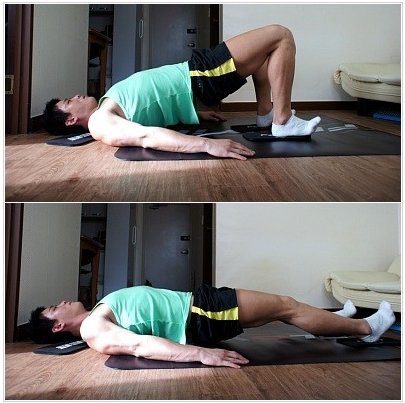 누워 양 발을 몸쪽으로 당겨 엉덩이가 바닥에서 떨어진게 한다.
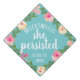 Cute grad cap topper features "nevertheless, she persisted" in white brush script lettering on a vibrant turquoise background adorned with pink watercolor flowers and green foliage. Personalize with your class year.
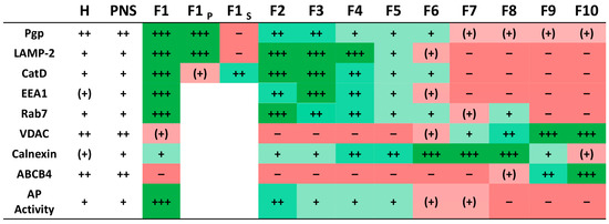 Overview of organelle marker distribution in the gradient fractions. Organelle marker and Pgp distribution in the gradient fractions (F1–10) according to high (+++), medium (++), low (+), or no (−) marker protein content in the respective fraction based on Western blot band intensities or acid phosphatase (AP) activity. Additionally, the Pgp protein level in the membrane enriched pellet (P) isolate and the luminal supernatant (S) resulting from endolysosomal subfractionation of gradient fraction (F) 1 are depicted. The organelle marker distribution is also highlighted by a color code from dark green (high marker content) to dark red (no marker localization). LAMP-2 (lysosomal associated membrane protein 2): endolysosomal marker; integral membrane protein, CatD (cathepsin D): endolysosomal luminal protease; EEA1 (early endosomal antigen 1): early endosomes; Rab7: late endosomal/endolysosomal marker; VDAC (voltage-dependent anion channel): mitochondrial marker; calnexin: ER marker; ABCB4: canalicular plasma membrane marker; AP: acid phosphatase (endolysosomal protease).
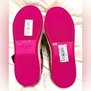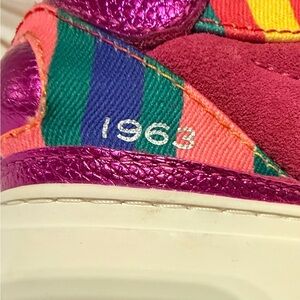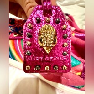 Step into vibrant style with these authentic Kurt Geiger London Southbank Tag Sneakers. Featuring a bold "Fuchsia Combination," these shoes blend high-fashion aesthetics with a playful, eclectic spirit. The eye-catching design features colorful woven stripes, metallic pink leather accents, and the brand's iconic signature hardware.
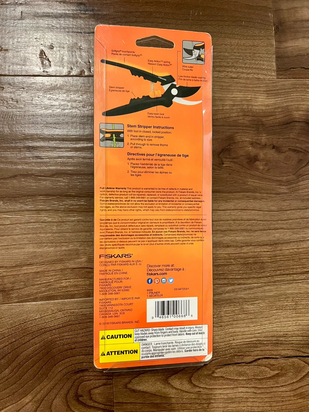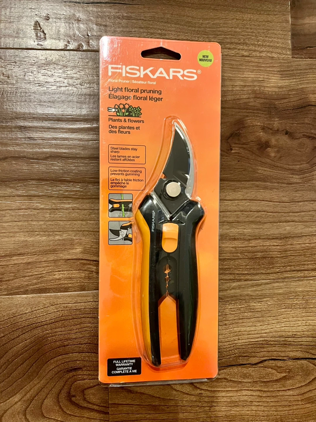 Selling a brand new Fiskars Floral Pruner, perfect for light floral pruning! The steel blades stay sharp, and it features a low-friction coating to prevent damage. It also has Softgrip touchpoints for comfortable use and an Easy Action spring for easy cutting. Includes stem stripper instructions on the back of the packaging
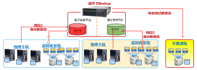針對(duì)電子政務(wù)與國(guó)土專網(wǎng)兩大平臺(tái),采用鼎甲DBackup平臺(tái),進(jìn)行備份存儲(chǔ)池的隔離。最終實(shí)現(xiàn)兩大業(yè)務(wù)平臺(tái),一套數(shù)據(jù)保護(hù)系統(tǒng)的方案架構(gòu)。利用迪備軟件的高并發(fā)多通道的技術(shù),將原有生產(chǎn)主機(jī)的數(shù)據(jù)備份時(shí)間由原來的5小時(shí)縮短至1小時(shí),減輕了對(duì)生產(chǎn)主機(jī)備份帶來影響。為了驗(yàn)證數(shù)據(jù)可靠性,所有集中保護(hù)數(shù)據(jù)通過災(zāi)難恢復(fù)演練平臺(tái)自動(dòng)驗(yàn)證,確保數(shù)據(jù)始終正確可用,獲得好評(píng)。
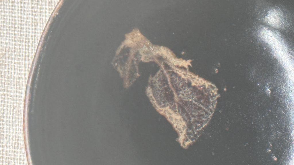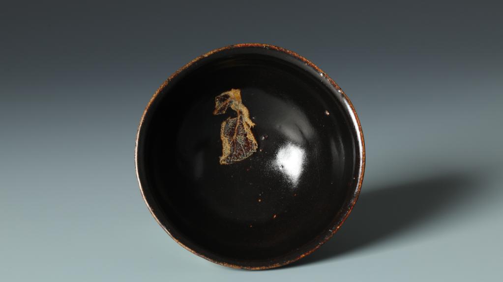 吉州窑曾是12-13世纪世界上最具创新能力的窑场之一,木叶贴花工艺是其独创的陶瓷装饰手法之一。700多年前,吉州工匠将天然树叶贴在施满黑釉的茶盏上,投入高温窑炉后,树叶的形脉竟神奇地得以保留在黑釉上。更有意思的是,烧成的每件木叶盏都是独一无二的,半叶、一叶、二叶甚至三叶相叠,姿态万千,妙趣天成。
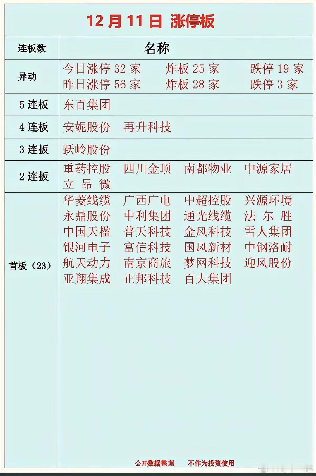 12.11周四 涨停板股票:题材+高度!今日涨停32家 炸板25家 跌停19家昨日涨停56家 炸板28家 跌停3家房地产板块一日游行情。5连板 东百集团4连板 安妮股份 再升科技3连扳 跃岭股份
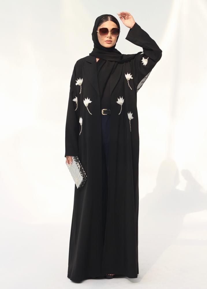 - تطريز ورد ناعم يضفي لمسة أنثوية راقية تعزز من فخامة العباية.
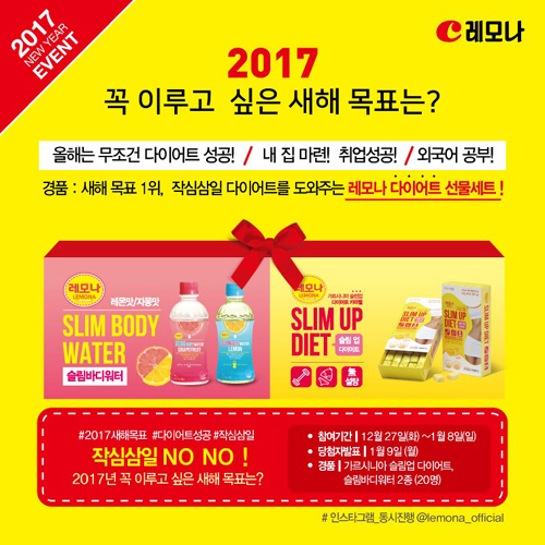 오는 2017년 1월 8일(일)까지 실시되는 이번 이벤트는 레모나 공식 채널인 ‘레모나 페이스북’과 ‘레모나 인스타그램’에서 참여 할 수 있다. 참여는 다이어트 계획이나 내 집 마련, 취업성공, 외국어 공부 등 새해에는 꼭 이루고 싶은 목표들을 댓글로 남기면 된다.

Assignment:
Start at the line above containing "針對(duì)電子政務(wù" and stop at the line containing "- تطريز ورد": print those lines and everything between them exactly, but not the pictures.

Result of this task:
針對(duì)電子政務(wù)與國(guó)土專網(wǎng)兩大平臺(tái),采用鼎甲DBackup平臺(tái),進(jìn)行備份存儲(chǔ)池的隔離。最終實(shí)現(xiàn)兩大業(yè)務(wù)平臺(tái),一套數(shù)據(jù)保護(hù)系統(tǒng)的方案架構(gòu)。利用迪備軟件的高并發(fā)多通道的技術(shù),將原有生產(chǎn)主機(jī)的數(shù)據(jù)備份時(shí)間由原來的5小時(shí)縮短至1小時(shí),減輕了對(duì)生產(chǎn)主機(jī)備份帶來影響。為了驗(yàn)證數(shù)據(jù)可靠性,所有集中保護(hù)數(shù)據(jù)通過災(zāi)難恢復(fù)演練平臺(tái)自動(dòng)驗(yàn)證,確保數(shù)據(jù)始終正確可用,獲得好評(píng)。
 吉州窑曾是12-13世纪世界上最具创新能力的窑场之一,木叶贴花工艺是其独创的陶瓷装饰手法之一。700多年前,吉州工匠将天然树叶贴在施满黑釉的茶盏上,投入高温窑炉后,树叶的形脉竟神奇地得以保留在黑釉上。更有意思的是,烧成的每件木叶盏都是独一无二的,半叶、一叶、二叶甚至三叶相叠,姿态万千,妙趣天成。
 12.11周四 涨停板股票:题材+高度!今日涨停32家 炸板25家 跌停19家昨日涨停56家 炸板28家 跌停3家房地产板块一日游行情。5连板 东百集团4连板 安妮股份 再升科技3连扳 跃岭股份
 - تطريز ورد ناعم يضفي لمسة أنثوية راقية تعزز من فخامة العباية.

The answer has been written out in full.